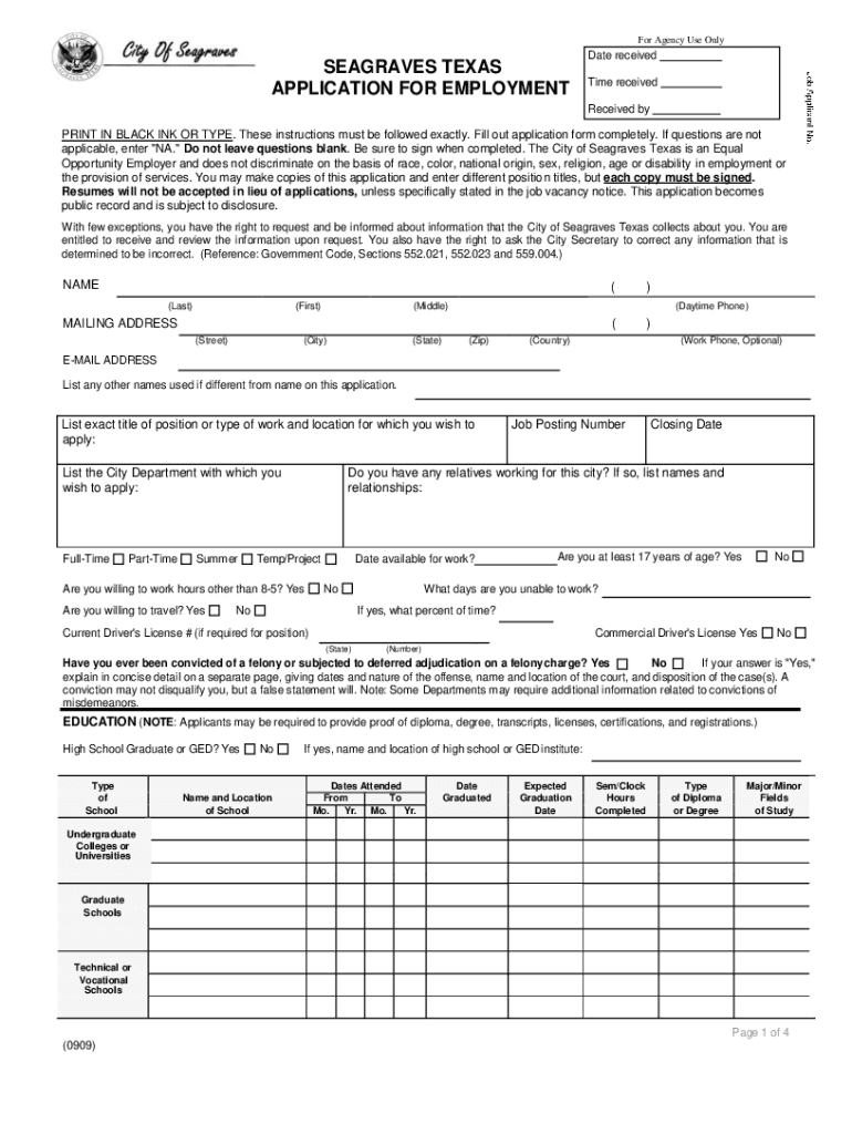 For Agency Use OnlySEAGRAVES TEXAS APPLICATION FOR EMPLOYMENTDate received Time received print IN BLACK INK OR TYPE. These instructions must be followed exactly. Fill out application form completely.
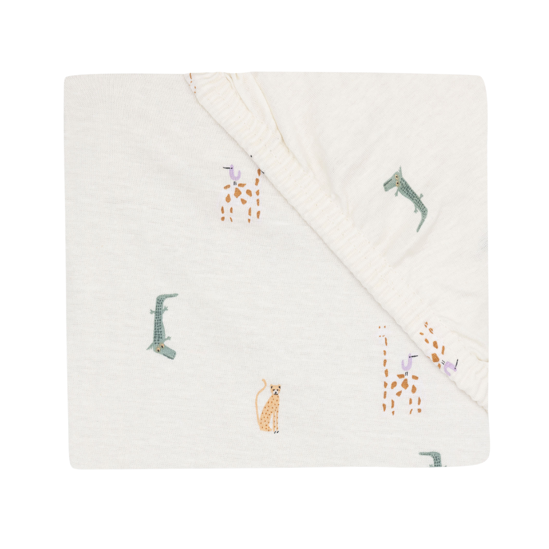 Mantén el colchón de tu pequeño seguro y cómodo con esta bonita sábana ajustable. El alegre estampado Jungle Jambo dibuja una sonrisa en la cara de tu pequeño y hace realidad la fantasía de la jungla. La sábana ajustable se ajusta sin esfuerzo alrededor del colchón gracias a las bandas elásticas en cada esquina.
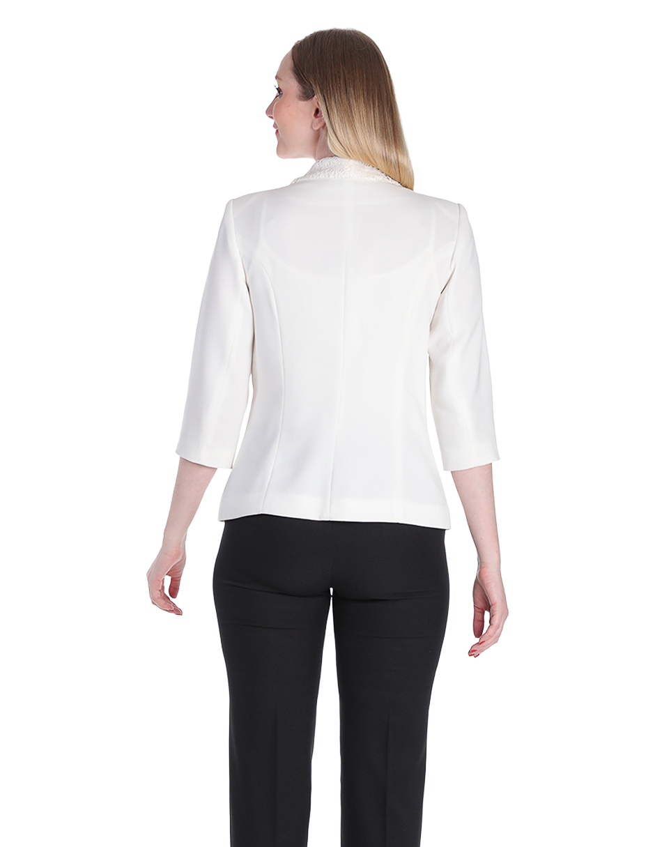 Blazer blanco con bufanda texturizada y pantalón negro.
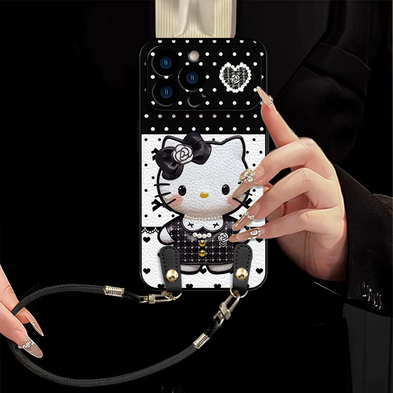 波点喵咪全型号适用于苹果17手机壳vivo华为OPPO小米保护套iphone16大视窗小羊皮新款 女镜头全包防摔高级ins
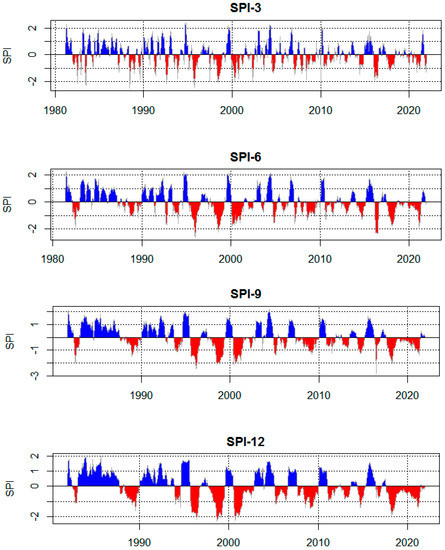 The SPI values at different time scales: 3 months (SPI-3), 6 months (SPI-6), 9 months (SPI-9), and 12 months (SPI-12). The blue portions indicate wet periods while red portions indicate dry periods.
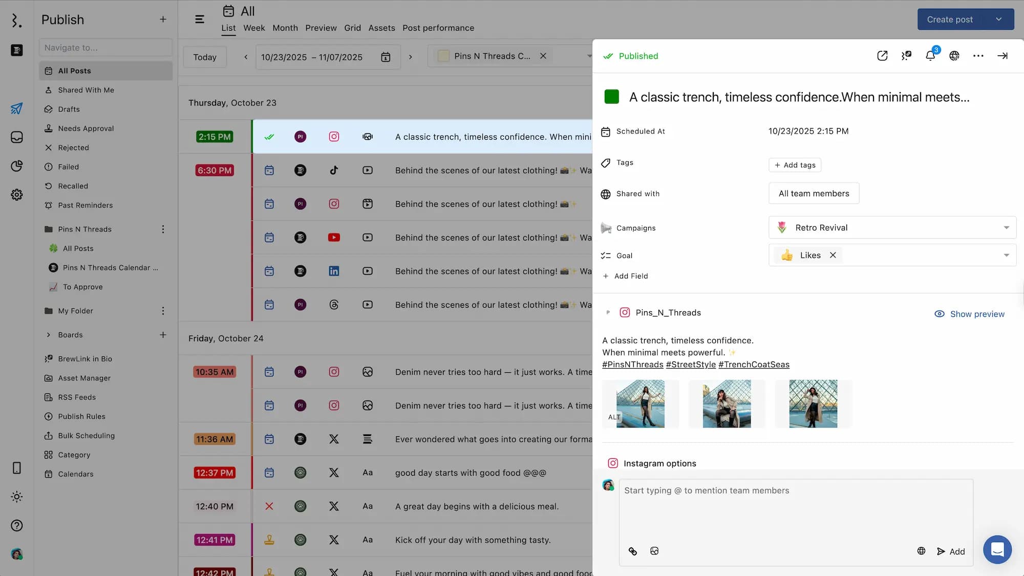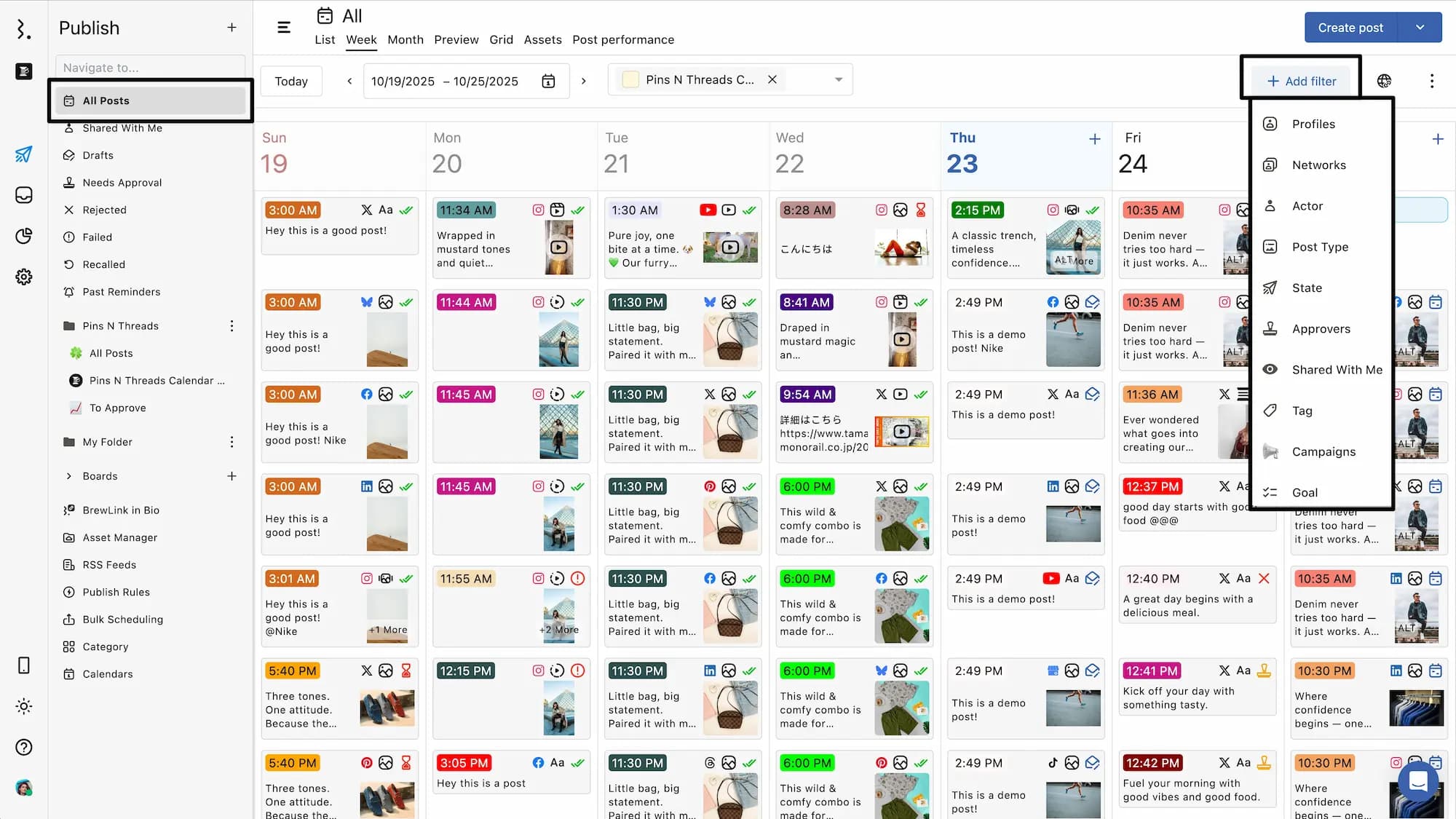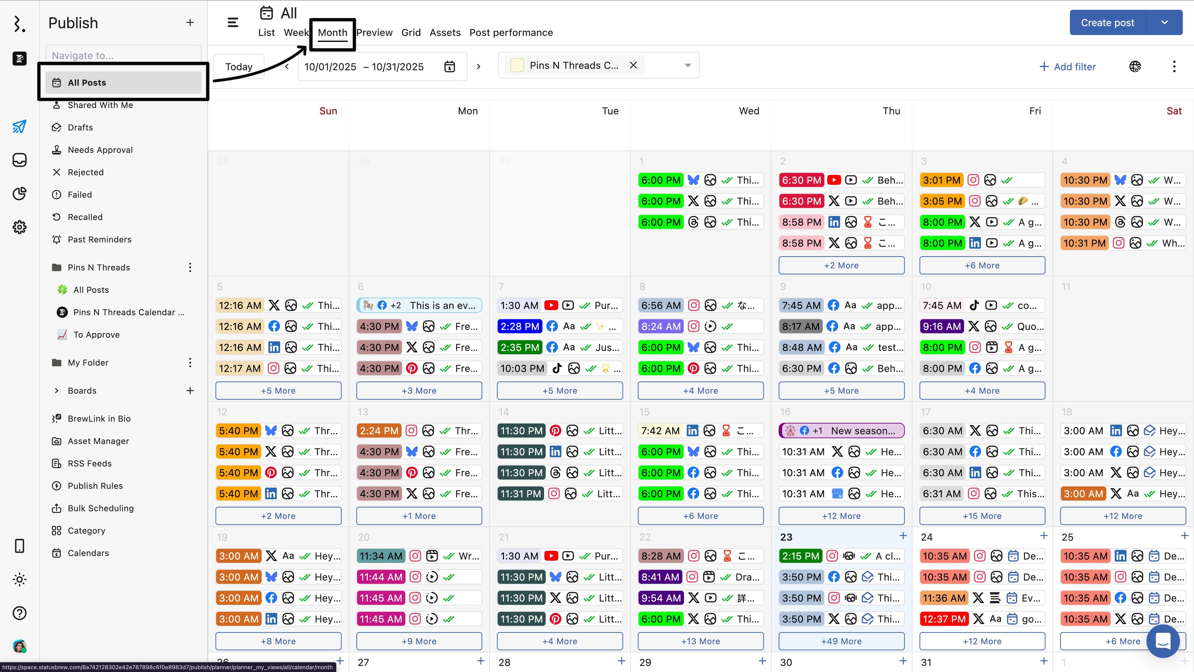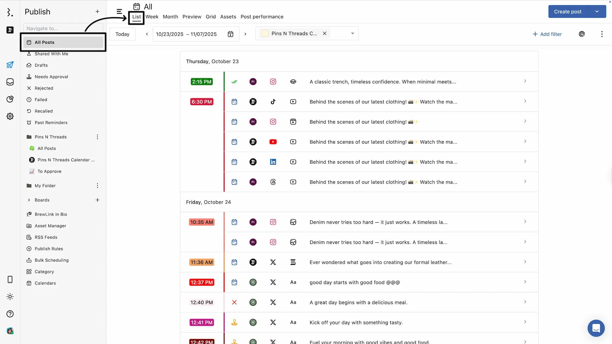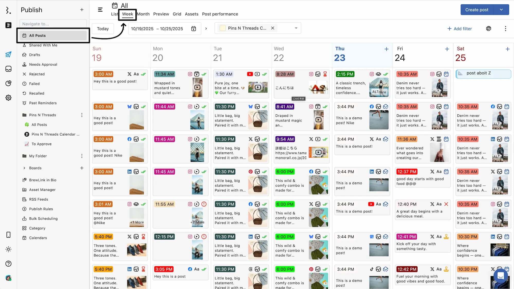 リストビュー、週間ビュー、月間ビューで投稿にアクセスするには、サイドバーの プランナー > すべての投稿をクリックします。トップバーのタブを切り替えてレイアウトを変更します。
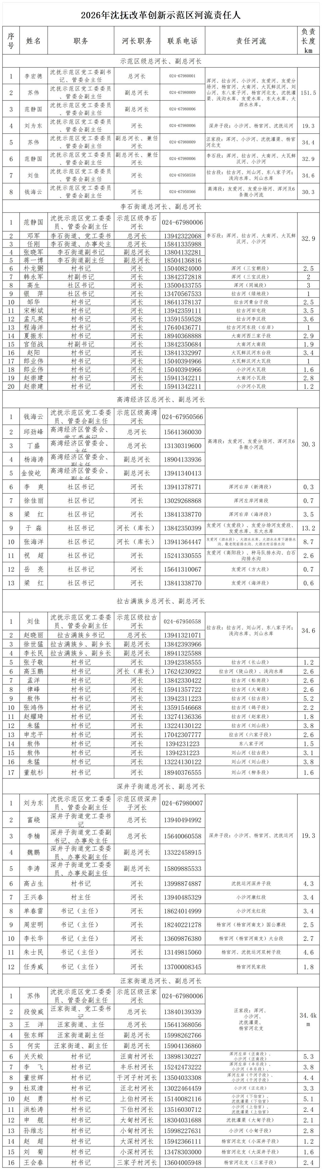 2026年沈抚改革创新示范区河流责任人

———

### What this task involves
Could you output exactly the lines above, from the line with "The SPI values" up to and including the line with "リストビュー、週間ビュー、月間ビューで投稿にアクセスするには、サイドバーの プランナー >", and nothing else, skipping the pictures?

### Exercise output
 The SPI values at different time scales: 3 months (SPI-3), 6 months (SPI-6), 9 months (SPI-9), and 12 months (SPI-12). The blue portions indicate wet periods while red portions indicate dry periods.
 リストビュー、週間ビュー、月間ビューで投稿にアクセスするには、サイドバーの プランナー > すべての投稿をクリックします。トップバーのタブを切り替えてレイアウトを変更します。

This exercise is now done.